Com um ritmo surpreendente ditado pela ótima edição e diálogos que parecem rajadas de metralhadora, marca registrada do roteirista Aaron Sorkin, o filme consegue manter-se no limiar do drama e da comédia, sem demagogias ou falsos moralismos, mostrando como pessoas comuns podem alcançar feitos extraordinários. É bem verdade que os traços mais negros de Wilson, como o uso de drogas e bebidas é mostrado de maneira muito mais leve do que foi na realidade. Nada, porém, que tire o valor do filme.

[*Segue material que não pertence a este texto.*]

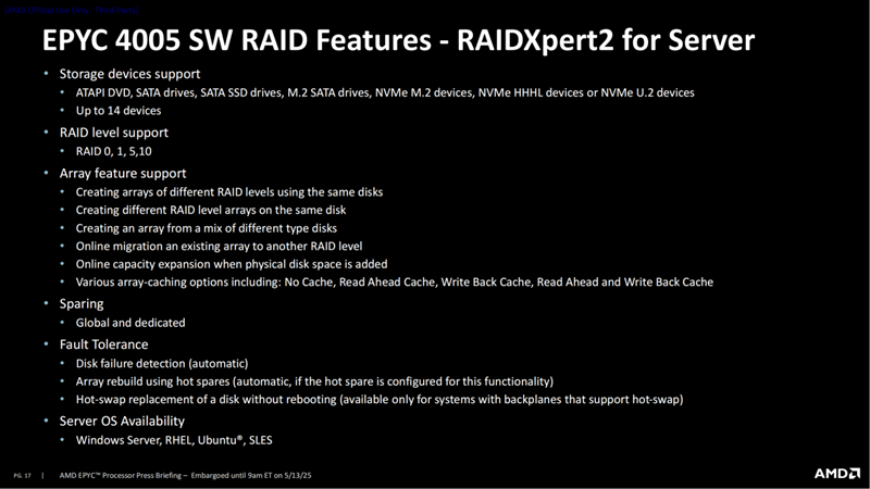 存储方面,EPYC 4005支持各种不同规格的存储设备,且最多支持14台存储设备。同时,EPYC 4005系列也支持RAID管理工具RAIDXpert2,支持RAID 0,1,5,10四种等级,为用户带来丰富的选择空间。
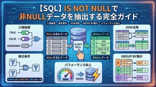 SQL 【SQL】NOT IN完全ガイド|基本構文・NULL問題の原因と対策・NOT EXISTS・LEFT JOIN比較・DELETE/UPDATE・複数列まで解説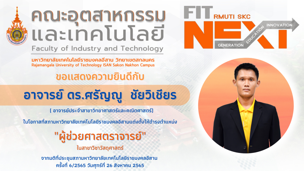 ขอเเสดงความยินดีกับ อาจารย์ ดร.ศรัญญู ชัยวิเชียร (อาจารย์ประจำสาขาวิทยาศาสตร์และคณิตศาสตร์) ในโอกาสที่สภามหาวิทยาลัยเทคโนโลยีราชมงคลอีสานแต่งตั้งให้ดำรงตำแหน่ง”ผู้ช่วยศาสตราจารย์” ในสาขาวิชาวัสดุศาสตร์ จากมติที่ประชุมสภามหาวิทยาลัยเทคโนโลยีราชมงคลอีสาน ครั้งที่ 6/2565 วันศุกร์ที่ 26 สิงหาคม 2565

Por outro lado, a atuação de Philip Seymour Hoffman como o cínico analista da CIA é excepcional, e sou taxativo em dizer que foi injusta a perda do Oscar para Javier Bardem, que embora seja um grande ator, não fez mais do que uma cara de múmia paralítica em “Onde os Fracos Não Tem Vez” (“No Country for Old Men”,EUA,2007).

O mais interessante de “Jogos do Poder” é a mensagem, sutil pero no mucho, da eternamente desastrada política externa americana, que é capaz de dar um bilhão de dólares para torrar em uma operação velada, e negar um milhão para construir uma escola. Não dá para esquecer que foram os próprios americanos que praticamente criaram todas as condições possíveis para que o radical regime talibã subisse ao poder no Afeganistão. Entre os homens treinados para combater os soviéticos estava Bin Laden, que alguns anos depois realizaria com sucesso o atentado de 11 de Setembro.

E para os que gostam destes detalhes, o filme é baseado no livro “Charlie Wilson’s War the Extraordinary Story of How the Wildest Man in Congress and a Rogue CIA Agent Changed the History of Our Times”, escrito por George Crile.